**Given records:**

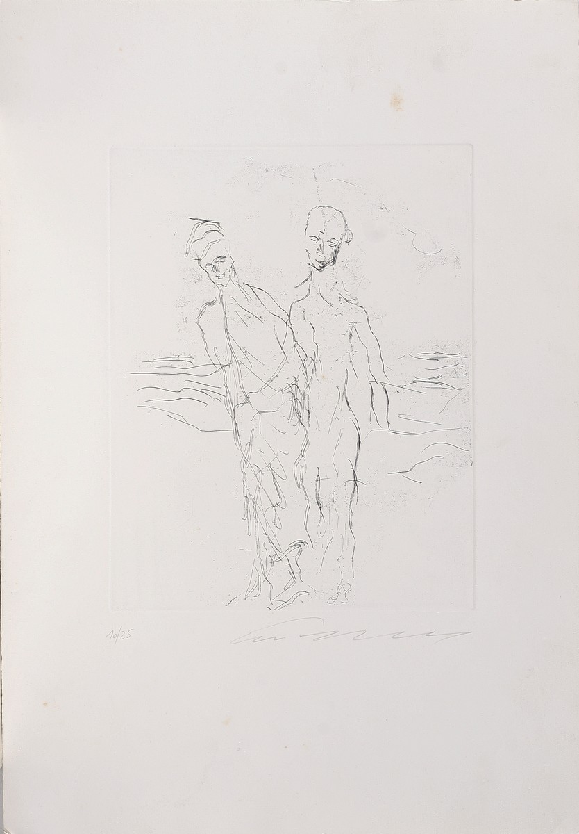 TRECCANI ERNESTO (1920 - 2009) Senza titolo (n.3 opere). Litografia. . Lotto composto da due litografie: Fiori, cm 35x55, 34/50; Volto, cm 51x40 P.A.; e un'acquafortem, Coppia di personaggi, cm 50x35, 10/25. Fioriture su tutte e tre le opere.
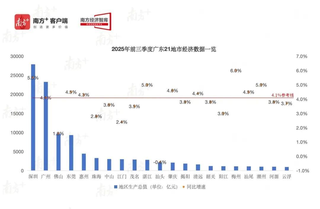 总量方面,深圳(27896.44亿元)、广州(23265.65亿元)、佛山(9620.82亿元)、东莞(9318.93亿元)、惠州(4476.72亿元)继续稳居前五。前三季度,各地市基本稳住了总量基本盘,尤其是几座经济大市、“万亿城市”以自身之稳为全省经济的稳中有进贡献了有力支撑。
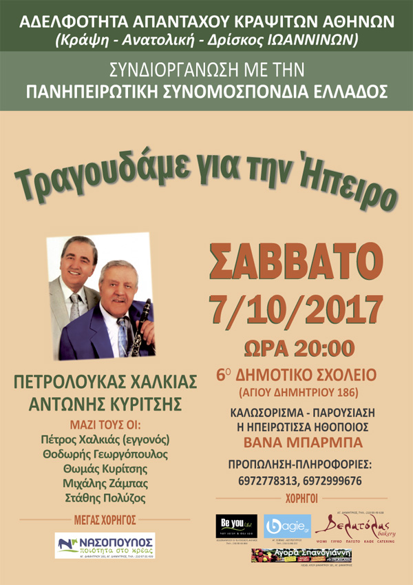 που συνδιοργανώνουν η Πανηπειρωτική Συνομοσπονδία Ελλάδος και η Αδελφότητα Κραψιτών Αθήνας, το Σάββατο 7 Οκτωβρίου 2017, ώρα 20.00', στο 6ο Δημοτικό Σχολείο Αγίου Δημητρίου, Αγίου Δημητρίου 186, πλατεία Βελουχιώτη.
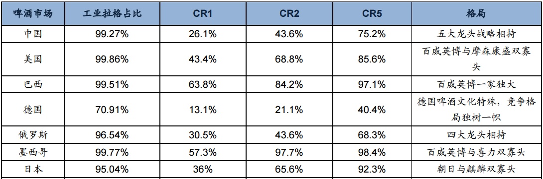 纵观全球的啤酒市场,与中国规模相近的市场多数都形成了双寡头竞争格局。
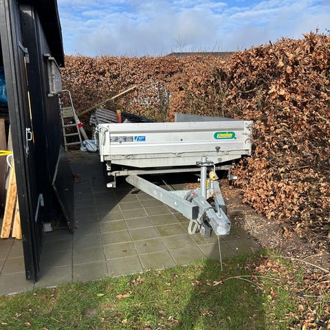 Solid og velholdt Neptun N15-256 tiptrailer med manuel hydraulisk kip Perfekt til haveaffald, grus, jord, brænde eller byggeprojekter.
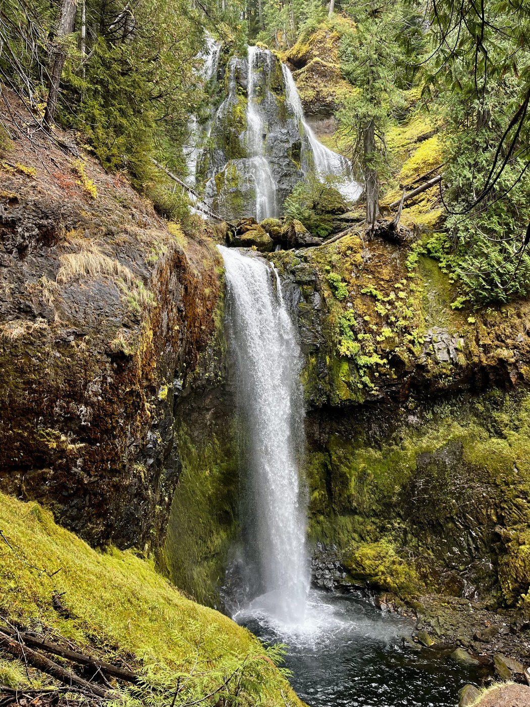 The trail was in great condition. There was a blow down about 1.25 miles from the trailhead but there is a way around it. The trail starts out very smooth and flat and later becomes rooty and rocky with a little bit of a climb to the waterfall. Good hike for children and dogs as well. Just keep an eye on them at the falls as there are steep drops. The fall colors were vibrant today and plenty of parking at the trailhead.
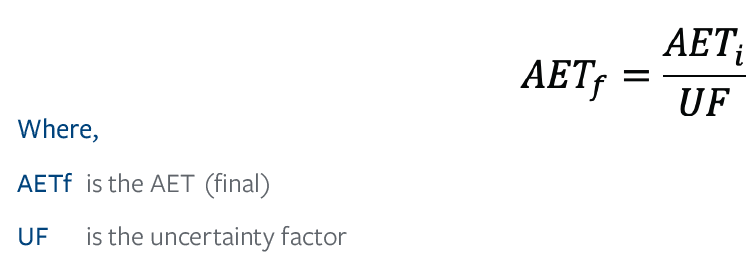 The above examples are relatively rudimentary examples of analytical uncertainty, but, nonetheless, demonstrate the need to account for uncertainty within an AET. To account for the analytical uncertainty, the AET is adjusted by dividing the AET (initial) by an uncertainty factor (UF) as shown in Eq. (3).
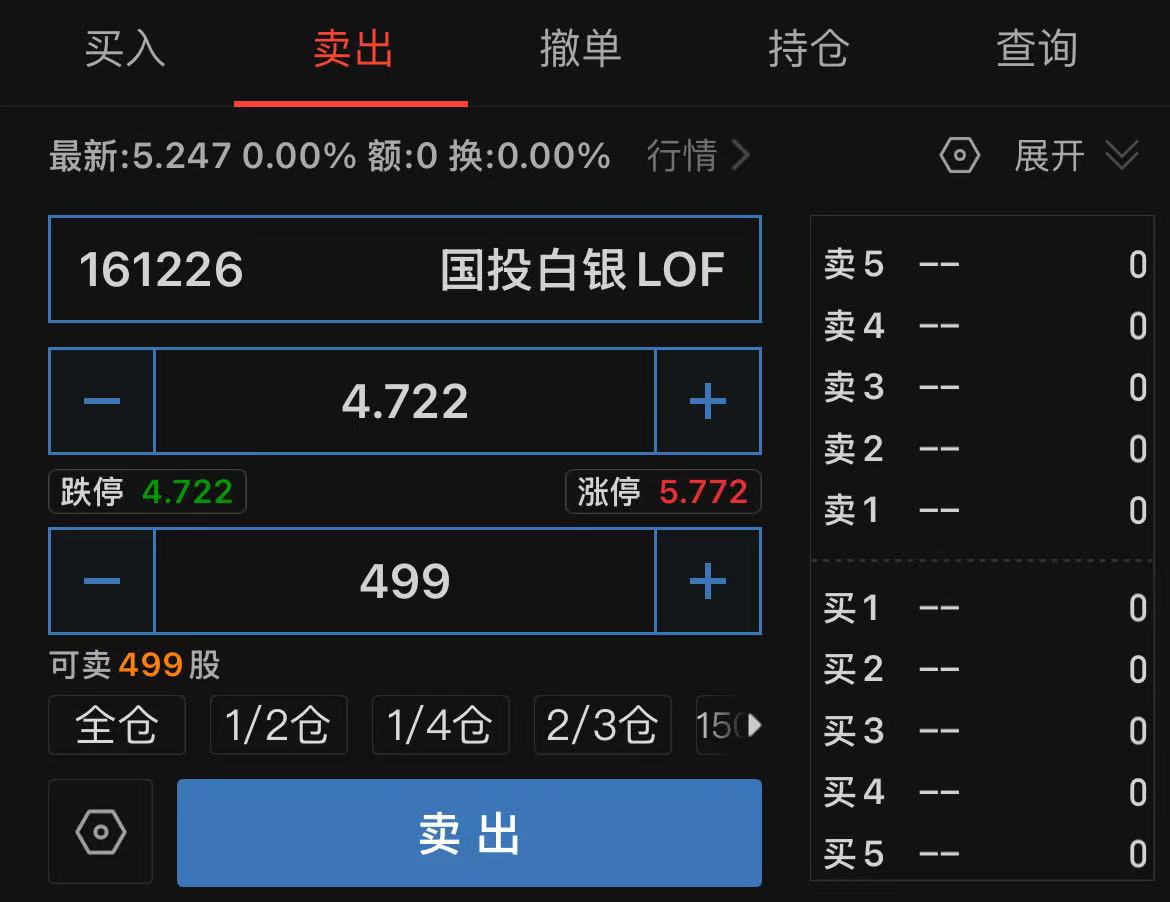 当前白银期货大跌,对白银LOF是大利空,这种情况,我准备挂跌停价的隔夜单,提前排队,看看能不能跑路了。

**Your assignment:** Return exactly the lines from the line with "纵观全球的啤酒市场,与中国规模相近的市场多数都形成了双寡头竞争格局。" through the last line of the data above, both included; pictures do not go in the answer.

**The completed task:**
 纵观全球的啤酒市场,与中国规模相近的市场多数都形成了双寡头竞争格局。
 Solid og velholdt Neptun N15-256 tiptrailer med manuel hydraulisk kip Perfekt til haveaffald, grus, jord, brænde eller byggeprojekter.
 The trail was in great condition. There was a blow down about 1.25 miles from the trailhead but there is a way around it. The trail starts out very smooth and flat and later becomes rooty and rocky with a little bit of a climb to the waterfall. Good hike for children and dogs as well. Just keep an eye on them at the falls as there are steep drops. The fall colors were vibrant today and plenty of parking at the trailhead.
 The above examples are relatively rudimentary examples of analytical uncertainty, but, nonetheless, demonstrate the need to account for uncertainty within an AET. To account for the analytical uncertainty, the AET is adjusted by dividing the AET (initial) by an uncertainty factor (UF) as shown in Eq. (3).
 当前白银期货大跌,对白银LOF是大利空,这种情况,我准备挂跌停价的隔夜单,提前排队,看看能不能跑路了。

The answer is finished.